Last week the Pew Internet & American Life Project released a fascinating overview
of the history and current state of the online music industry, 10 years after
the birth of Napster. The full report is well worth a read, but here are some
of the highlights:
- Consumers have demonstrated that they’ll generally get what they want when it comes to the digital music world, and they want their music to be free (or almost free), portable, mobile, varied (access to any song ever recorded), and remixable
- While digital sales have grown, they still make up only about a fifth of total album sales. However, 15% of adults admit to using P2P applications to download files – and the number of computers with P2P software installed keeps increasing.
- The recording industry failed miserably in their approach to digitalization. They should have turned a threat into an opportunity by buying Napster, but instead they tried to battle with lawsuits that didn’t work. Clearly people are still illegally downloading music.
- The demographics of music buyers were shifting before Napster’s launch. There was a noted decrease in music-buying by the 20-24 year old set noted in early 1999. Research showed that music was still important to this demo, but at the time there was a disconnect between the importance of music in their lives and their need to own it.
- Most artists did not see P2P applications as a true threat to the industry.

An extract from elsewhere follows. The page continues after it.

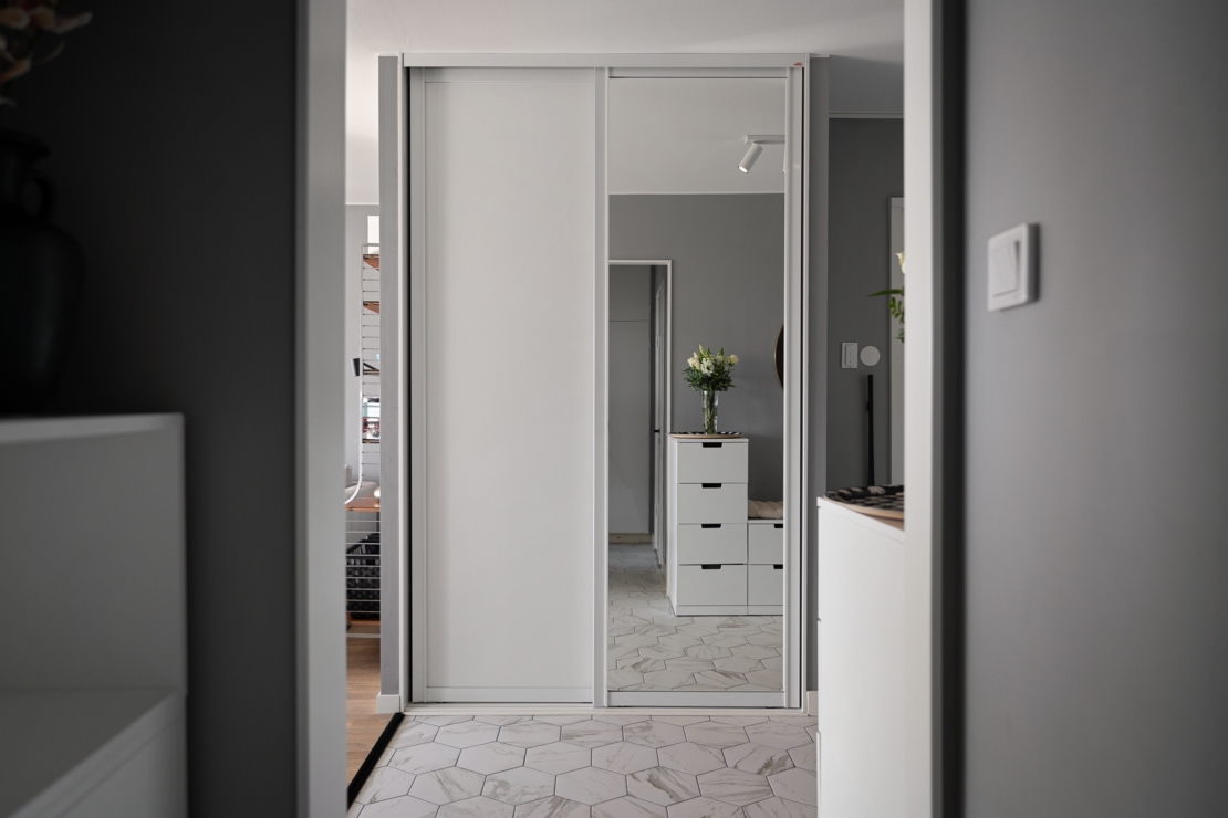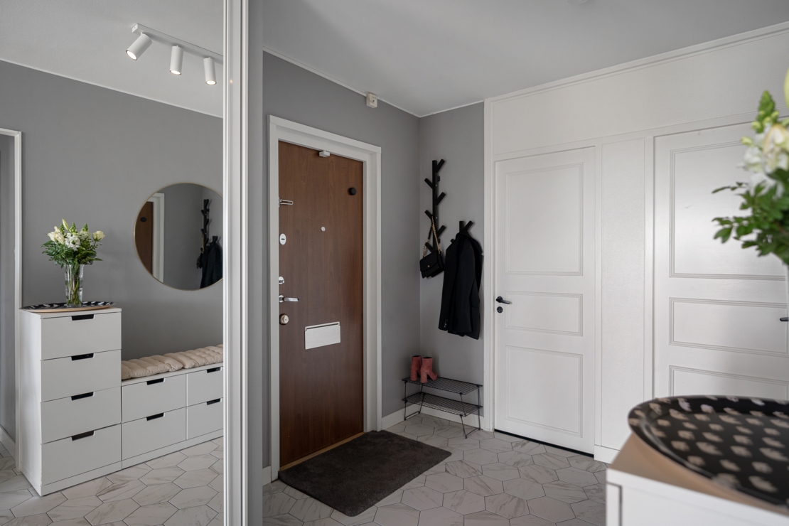Välkomnande hall med stora klinkerplattor på golv och gråa väggar. Här finns det avhängningsmöjligheter och gott om plats för förvaring i platsbyggd Elfa-garderob.

In fact, many of them choose to capitalize on it and were quite successful, such as Nine Inch Nails and Radiohead.
- DRM is dying, as indicated by the fact that Apple stopped using it with iTunes downloads at the end of 2008.
The point that I found most interesting, however, was the last paragraph:
“Looking ahead, as users’ engagement with cloud computing
activities becomes more pervasive and seamless, there may come a time when the
difference between downloading and streaming music files becomes moot….As more
and more internet users acquire smart phones and high-speed wireless
connectivity improves, music consumers get ever closer to the “celestial
jukebox” dream of any song at any time that started during the days of
Napster…Ultimately, whether you’re storing a library of music files on your
home computer or streaming songs through your iPhone, it all becomes the same: instant access to the music you want.”
The concept of ownership is changing in our digital world. Historically, the definition of possession was rooted in tangibility. I knew that I owned a book because the paper copy resided in my bookcase, and I knew that a CD belonged to me because I could hold it in my hand. However, the content itself was not inherently tangible – only the medium in which it was packaged. If I don’t have a physical copy of a song, what defines my ownership of it? There are a few aspects, but the primary one is that I can listen to it whenever I want, in whatever form I want. I can play a song on my computer, on my iPhone, or on a burned CD in my stereo. I control when and how the content is delivered to me. That is the fundamental difference between downloaded and streaming music today.
However, as the report states, it is a logical conclusion that as technology continues to improve that divide may no longer need to exist. There will come a time when technology will be a virtual jukebox: I can listen to any song I want, as many times as I want, with only a click of a button. I won’t be limited to a library of songs that I’ve individually downloaded, or a streaming service with limited playbacks. Music discovery applications (such as Pandora today) will allow me to be as hands-on or hands-off as I wish in my listening choices. The concept of music ownership will cease to exist because I will have access to every song ever recorded, in whatever form I wanted.
Music has been heading in that direction for some time, and many subscription model services like Rhapsody and the current incarnation of Napster already look like an early form of this vision. However, there is still quite a distance to go, particularly impeded by legal issues with the record companies. Therefore a clear distinction between streamed and downloaded music still exists today.
The music industry may change in a completely different way by 2019. It will certainly require a business model that consumers, music services and record companies all agree upon. But regardless of what form it takes, music will contain to be an integral part of our culture, and the users control the game. The technology will adapt itself however we see fit.